Toward high-throughput algorithms on many-core architectures

  • Authors:
  • Daniel Orozco;Elkin Garcia;Rishi Khan;Kelly Livingston;Guang R. Gao

  • Affiliations:
  • University of Delaware;University of Delaware;ET International;University of Delaware;University of Delaware

  • Venue:
  • ACM Transactions on Architecture and Code Optimization (TACO) - HIPEAC Papers
  • Year:
  • 2012

Quantified Score

Hi-index 0.00

Visualization

Abstract

Advanced many-core CPU chips already have a few hundreds of processing cores (e.g., 160 cores in an IBM Cyclops-64 chip) and more and more processing cores become available as computer architecture progresses. The underlying runtime systems of such architectures need to efficiently serve hundreds of processors at the same time, requiring all basic data structures within the runtime to maintain unprecedented throughput. In this paper, we analyze the throughput requirements that must be met by algorithms in runtime systems to be able to handle hundreds of simultaneous operations in real time. We reach a surprising conclusion: Many traditional algorithm techniques are poorly suited for highly parallel computing environments because of their low throughput. We reach the conclusion that the intrinsic throughput of a parallel program depends on both its algorithm and the processor architecture where the program runs. We provide theory to quantify the intrinsic throughput of algorithms, and we provide a few examples, where we describe the intrinsic throughput of existing, common algorithms. Then, we go on to explain how to follow a throughput-oriented approach to develop algorithms that have very high intrinsic throughput in many core architectures. We compare our throughput-oriented algorithms with other well known algorithms that provide the same functionality and we show that a throughput-oriented design produces algorithms with equal or faster performance in highly concurrent environments.

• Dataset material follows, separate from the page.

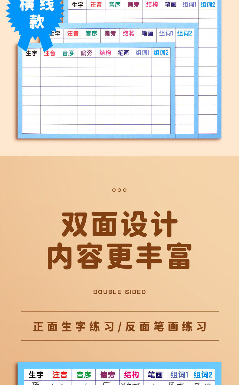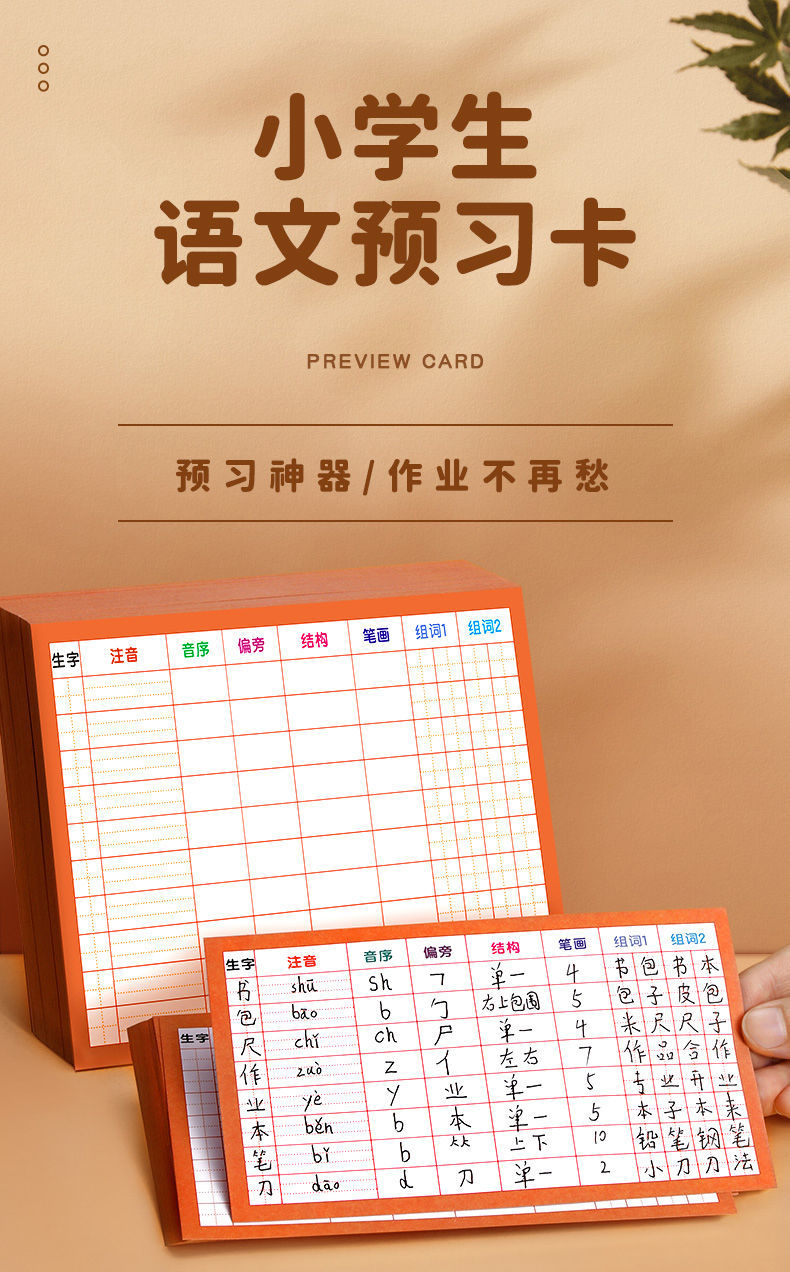 生字预习卡小学生语文通用一年级二年级三年级四五六上册下册笔画训练单词空白卡片双面小卡片生字表课前练习

We provide both theoretical and experimental evidence showing that our algorithms are excellent choices over other state of the art algorithms. The major contributions of this paper are (1) motivating examples that show the importance of throughput in concurrent algorithms; (2) a mathematical framework that uses queueing theory to describe the intrinsic throughput of algorithms; (3) two highly concurrent algorithms with very high intrinsic throughput that are useful for task management in runtime systems; and (4) extensive experimental and theoretical results that show that for highly parallel systems, our proposed algorithms allow greater or at least equal scalability and performance than other well-known similar state-of-the-art algorithms.